Une campagne à l’issue imprévisible

En ce lundi 1er octobre, les Québécois iront aux urnes de 9h30 à 20h pour élire le prochain gouvernement.

Les 39 jours de la campagne électorale sont derrière nous. L’heure est au vote dans les bureaux de scrutin, qui accueilleront les électeurs jusqu’à 20 h en ce lundi 1er octobre. En Outaouais comme ailleurs au Québec, le portrait politique pourrait changer.

À l’échelle provinciale, il faudra voir si les libéraux de Philippe Couillard réussiront à garder le pouvoir ou s’ils devront passer le flambeau. Rien n’est non plus assuré à savoir si le prochain gouvernement sera majoritaire ou minoritaire.

La montée de la Coalition avenir Québec (CAQ) de François Legault n’a pas épargné l’Outaouais, mais il faudra voir jusqu’à quel point. Il est donc impossible de prévoir si la région comptera autre chose que des députés libéraux au terme de ce scrutin. Ce sont les électeurs qui auront le dernier mot.

Le vote par anticipation n’a toutefois pas attiré les foules en Outaouais. Le taux de participation est inférieur, dans les cinq circonscriptions régionales, à la moyenne provinciale de 17,93 %. En Outaouais, il varie entre 11,36 % (dans Pontiac) et 15,4 % (dans Chapleau).

Exception faite des péquistes Jocelyne Ouellette dans Hull et Jean Alfred dans Papineau, qui ont été élus en 1976, l’Outaouais a toujours voté rouge.

Le libéral André Fortin – nommé ministre des Transports au cours du dernier mandat – est en territoire qui semble acquis dans Pontiac. Même le chef péquiste, Jean-François Lisée, a admis lors d’une visite dans la région que le Pontiac « n’est pas parmi [les] dix principaux comtés cibles » de sa formation politique.

Les chefs des quatre principaux partis ont tous effectué une visite électorale dans la région.

Lutte serrée

Ailleurs dans la région, la lutte pourrait être serrée entre le Parti libéral du Québec (PLQ) et la CAQ. Lors des élections précédentes, la lutte régionale se faisait plutôt entre le PLQ et le PQ. Le parti aujourd’hui dirigé par M. Lisée avait même obtenu certains résultats frôlant la victoire, notamment dans Papineau en 2012.

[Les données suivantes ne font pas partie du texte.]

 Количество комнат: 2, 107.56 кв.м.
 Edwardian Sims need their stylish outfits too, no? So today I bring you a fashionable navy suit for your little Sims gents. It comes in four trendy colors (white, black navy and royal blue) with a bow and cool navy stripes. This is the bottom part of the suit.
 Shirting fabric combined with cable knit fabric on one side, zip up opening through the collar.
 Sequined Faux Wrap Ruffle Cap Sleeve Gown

Les candidats régionaux du Parti québécois et de Québec solidaire n’ont toutefois jamais montré qu’ils perdaient espoir pendant la campagne, convaincus d’avoir ce qu’il faut pour effectuer une percée.

La CAQ a pour sa part réussi à aller chercher deux noms bien connus pour se présenter en Outaouais. L’ancien maire de La Pêche, Robert Bussière, tente de décrocher le siège qu’occupait la ministre Stéphanie Vallée dans Gatineau, où il affronte notamment la libérale Luce Farrell. Cette dernière a été attachée politique de Mme Vallée pendant plusieurs années.

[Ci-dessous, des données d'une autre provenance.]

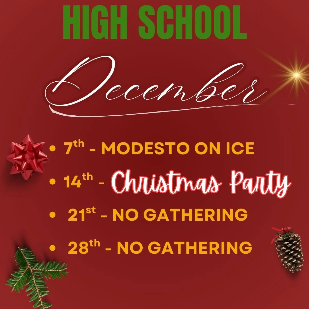 Calvary’s Junior High Group (6th - 8th Grade Students) will be on Christmas Break through January!
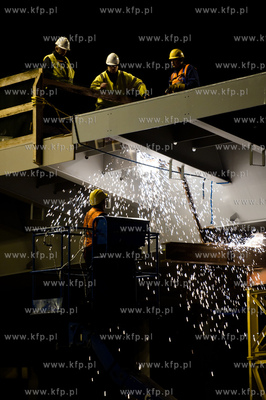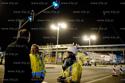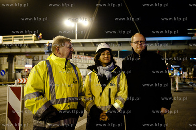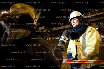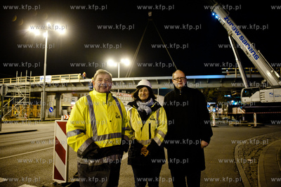 Gdansk - Wrzeszcz. Montaz ostatniego elementu estakady nad ulica Grunwaldzka przy skrzyzowaniu z ulica Slowackiego. Zamontowana zostala sekcja B. Budowany odcinek bedzie czescia trasy Slowackiego. Nz Iwona Zygowska - wiceprezes zarzadu Gdanskich Inwestycji Komunalnych 18.11.2011 fot. Mateusz Ochocki / KFP
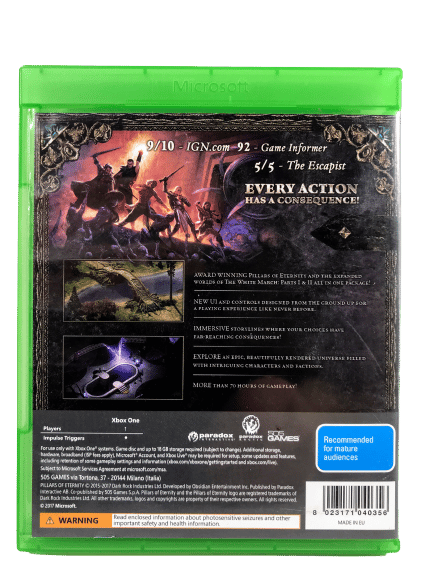 Excellent Condition & 100% complete with contents: Pillars of Eternity: Complete Edition for XBox One. This preowned game comes complete with case, cover, manual / booklet, and game disc.
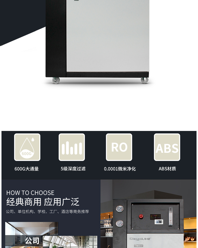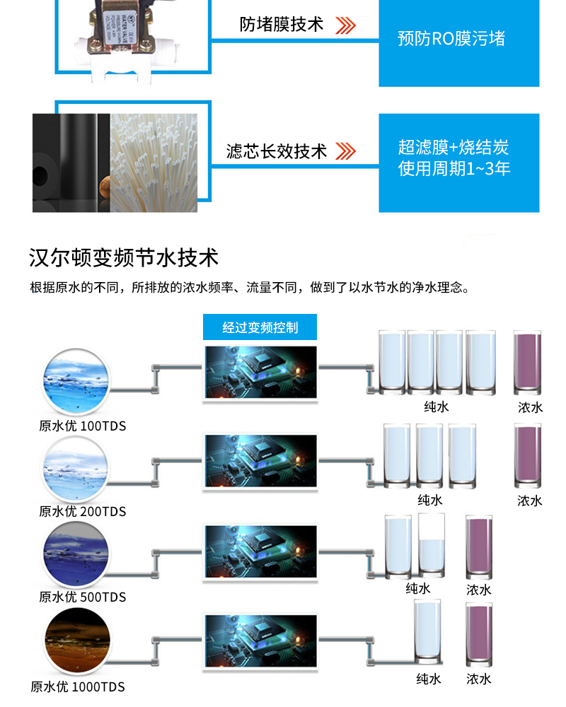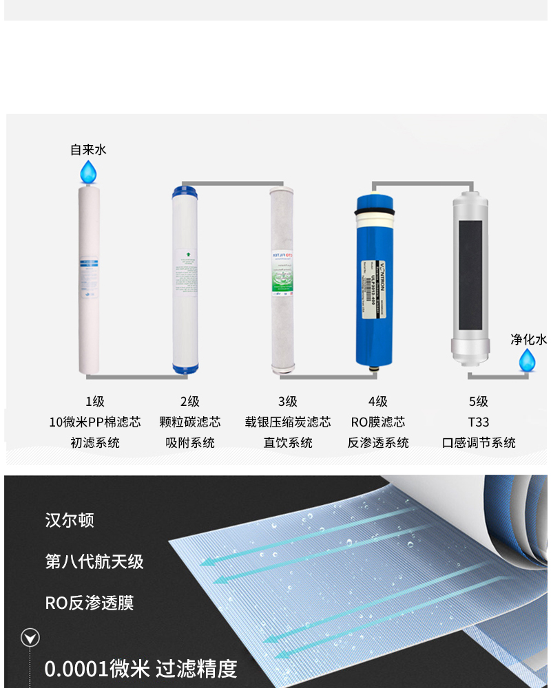 過濾系統(tǒng):初濾系統(tǒng)+吸附系統(tǒng)+直飲系統(tǒng)+反滲透系統(tǒng)+口感系統(tǒng)
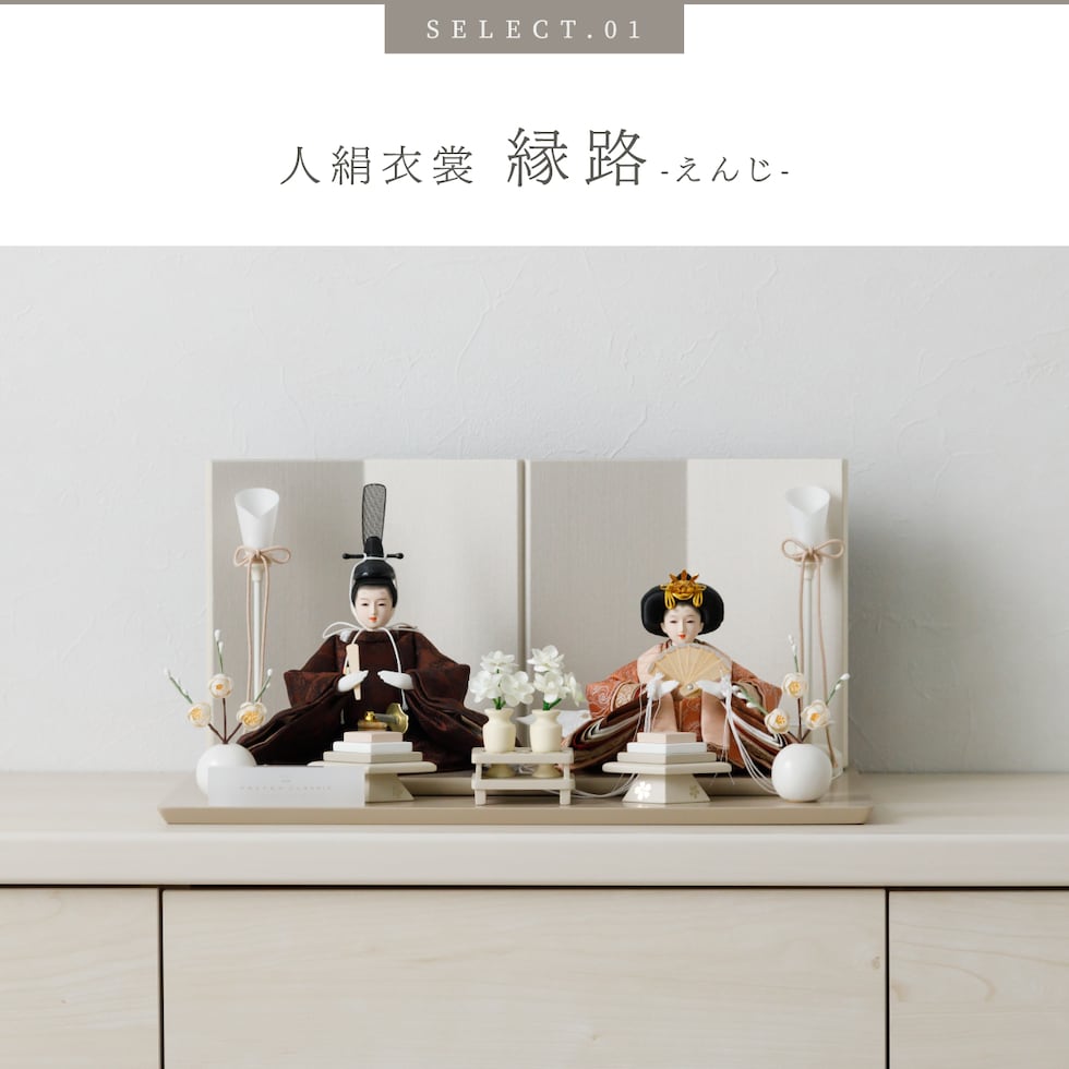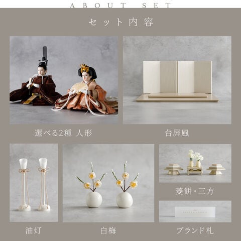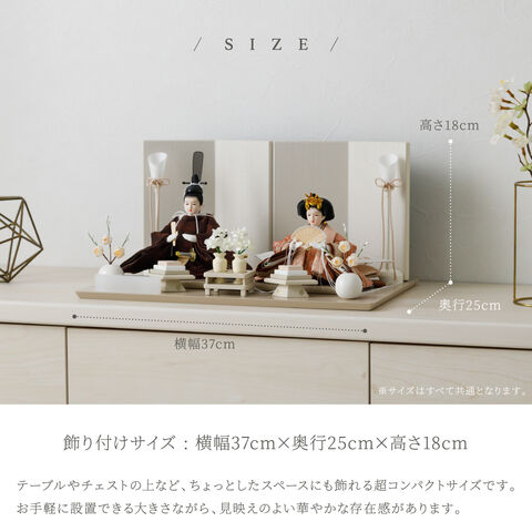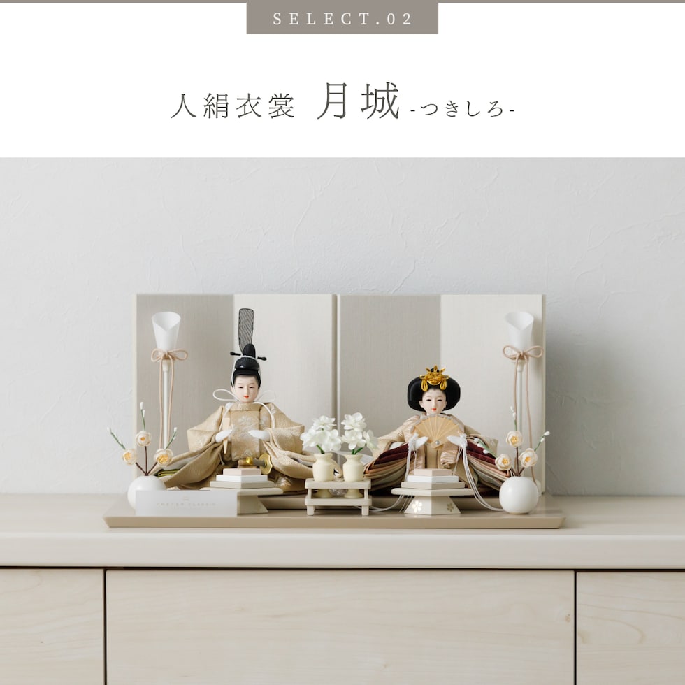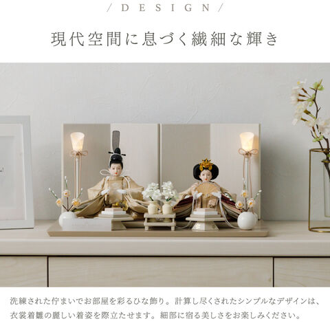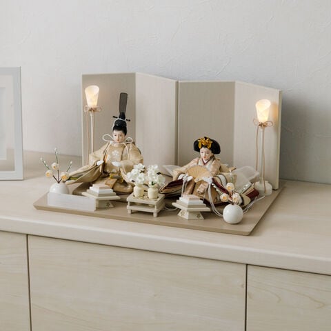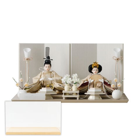雛人形 コンパクト おしゃれ モダン 親王飾り インテリア お雛様 雛 高級 PREFER CLASSIC ひな人形 [ベージュ台 ホワイトグレー屏風 平飾り お道具付 菱餅三方 油灯 白梅 人形極々小サイズ 選べる人絹衣裳2種類 縁路 月城] 【月城 ケース付属】

Dans Papineau, l’ancien chef d’antenne de TVA Gatineau-Ottawa, Mathieu Lacombe, souhaite déloger le député sortant, le libéral Alexandre Iracà.

Chapleau et Hull seront aussi des circonscriptions à surveiller. Dans l’éventualité d’une vague caquiste à l’échelle provinciale, il faudra voir si l’Outaouais sera éclaboussée ou si la région y sera imperméable.

Les chefs des quatre principaux partis ont tous effectué une visite électorale dans la région. À cela se sont ajoutées leurs visites lors d’une « trêve », au lendemain du passage de la tornade ayant durement frappé le quartier Mont-Bleu, à Gatineau.

Dans la région, l’amélioration du réseau de la santé et l’élargissement de l’autoroute 50 ont fait partie des engagements de tous les partis. Reste maintenant à voir qui sera élu dans les cinq circonscriptions, quel parti prendra le pouvoir à Québec et quelles promesses seront réalisées au cours du prochain mandat.